经恒恒这么一说,闫韶锋突然反应过来,自己当初好像是这么说过,可是如今他却心里没底,看着这些天,温子煜时时刻刻陪在唐璟飒身边,他总觉得自己和唐璟飒的距离,越来越远。
“而且我不喜欢和温子煜在一起,我讨厌看见他。所以我想去你哪里避几天,等妈咪知道我比温子煜重要以后就会来找我了。”唐梓恒像是奸计得逞般笑的咯咯响。
可是他不知道,一旦法院把恒恒判给了唐璟飒,要是唐璟飒没有和闫韶锋复合,那他几乎是没什么机会和唐璟飒住一起了,而唐璟飒真要嫁给温子煜的话,他也阻止不了,只能说他想的太简单。
“爹地。。。。”
突然恒恒很认真的望着闫韶锋喊道。
“嗯。”闫韶锋转过头,点了点头,应的大声。
“嘻嘻,有爹地的感觉真好,当初我真的以为我爹地已经死了。”
“傻孩子。”闫韶锋伸出右手去摸恒恒的头,另一只手继续掌着方向盘。
他何尝不觉得有儿子的感觉真好呢。
以前恒恒喊他爹地,不是为了想要求他买东西,就是为了可以在同学面前争回脸,所以就算喊他爹地,他也不会有太多的感觉,可如今不同,他们是真实的父子,身上流着一样的血。
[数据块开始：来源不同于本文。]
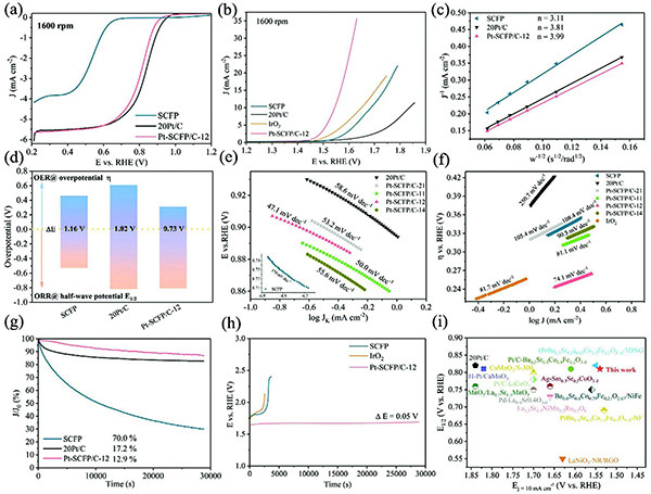(a,b)SCFP,20Pt/C和Pt-SCFP/C-12 ORR和OER测试的LSV曲线。

“我们现在去哪里啊?”坐在车里已经半个小时了,恒恒有些坐不住的问。
“回家,带你去见爷爷奶奶。”他转过头,冲唐梓恒笑笑。
唐梓恒偏着脑袋,重复的喊道:“爷爷奶奶?”
“嗯,你还没有见过吧,上次你去我家,他们刚好不在。”
“哦。”
唐梓恒没有太大的反应,因为在他的概念里,没有爷爷奶奶,他只记得妈咪第一次带他上外公外婆家的时候,他们好像很不开心有他。
祸不单行(一)
自从唐梓恒去闫家后,闫家显然比以前热闹了很多。
这些年闫徳庭和苏雪珍一直盼望着自己能有个孙子,可是闫韶锋就是迟迟不结婚,可是居然没想到,他下手这么快,要么没有,要么就蹦出一个五岁大的儿子。
又是一个晴朗的周末,闫韶杰吵嚷着还要去山顶,上次和温静娴一起去爬山野餐,看到山顶的美景后,忍不住的画起画来,可是还有一部分画作没有完成,所以他这次要继续去把他完成。